Weight loss since last weigh in: 4.3 pounds
Total weight loss: 35 pounds
I skipped last week's weighing in and was thinking that I would do a lot worse than I did. I had a gain of two pounds my last weigh in and "got even" by eating junk food for a week straight. I felt pretty bad and remembered why I started eating better.
My boyfriend lives about 1300 miles away, so I went to see him. He and I are in the beginning stages of the relationship, but we are still having fun. I have to make better food choices if, or when, I see him again.
I haven't been in a relationship in ages. It was my choice. When men would start to flirt, I would not be interested. If a man was brave enough to ask me out, I would decline. I think I did that to escape the hurt that I have felt every time a relationship ends. I get stressed and either overeat or don't eat at all.

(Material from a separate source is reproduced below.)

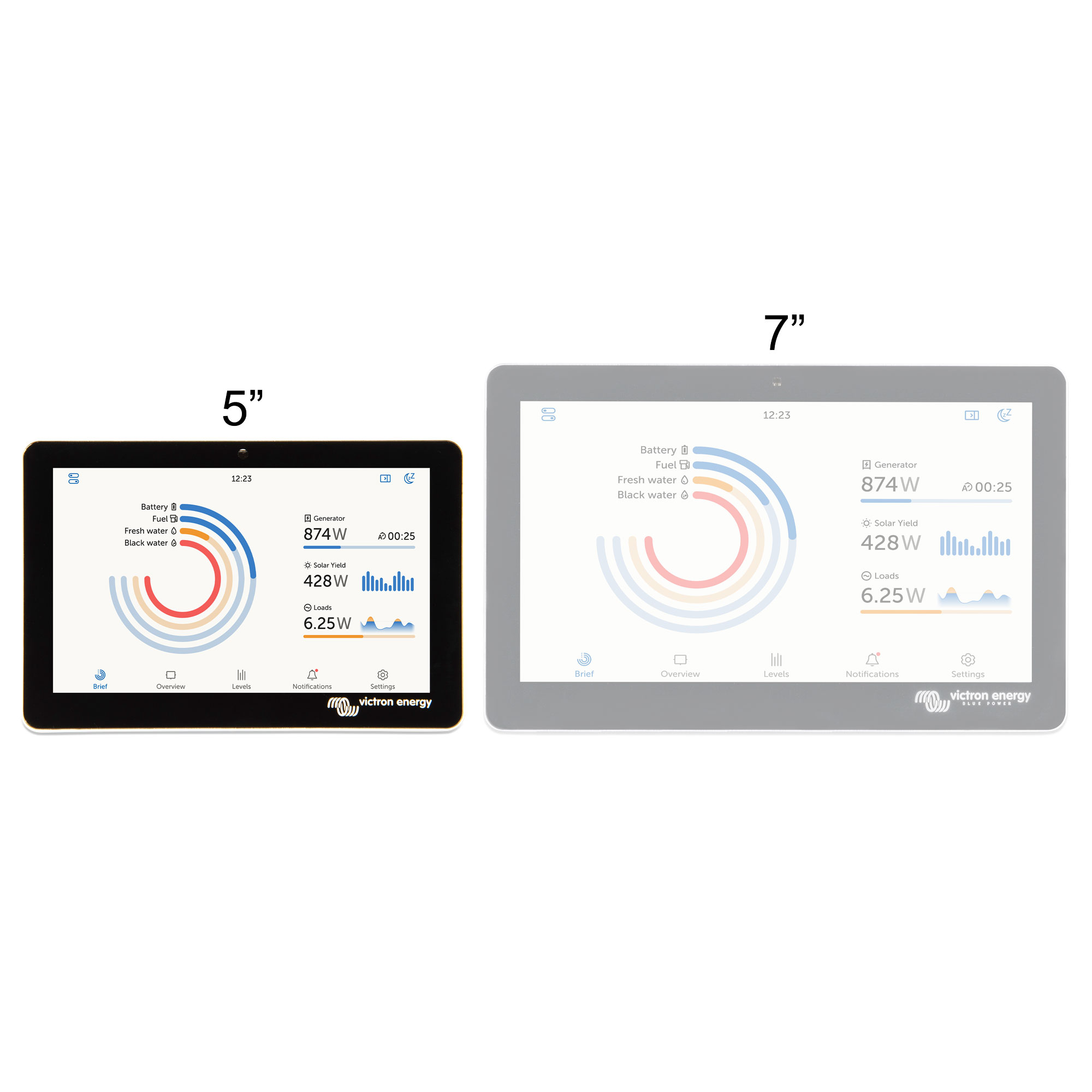 The GX Touch 50 and GX Touch 70 are display accessories for our Cerbo GX. The five inch and seven inch touch screen displays give an instant overview of your system and allow to adjust settings in the blink of an eye. Simply connected to the Cerbo GX with one cable, Their super slim waterproof design, top-mountable setup and simple installation bring a lot of flexibility when creating a crisp and clean dashboard.
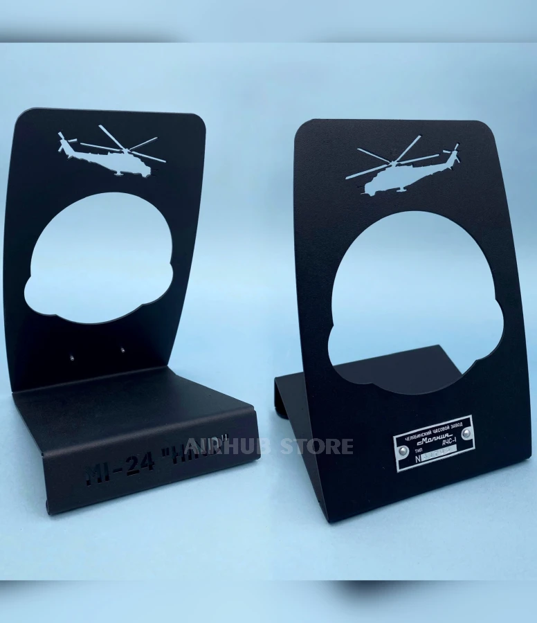 This stand is designed specifically for ACS-1 aviation watches and compatible models. The base is made of 1.5 mm thick metal with a sand-textured powder coating, providing a pleasant tactile feel and scratch resistance.

Back to the weight loss, I figured a few things out about me. I will cave when it comes to making good food choices when people are visiting me or I am visiting them. How do you overcome this? I am a social eater. That is what almost every special occasion involves. I could use some pointers.
I'll give myself some pats on the back. I'm still running and pushing myself further each week. I still have yet to run a mile straight, but as the pounds come off, I know it will become easier. I am also tickled due to being thinner than I was back in 2008! Good things continue to happen and now I need to get back on the wagon and make even better choices.
How are your goals coming along? What do you find most challenging about weight loss and fitness?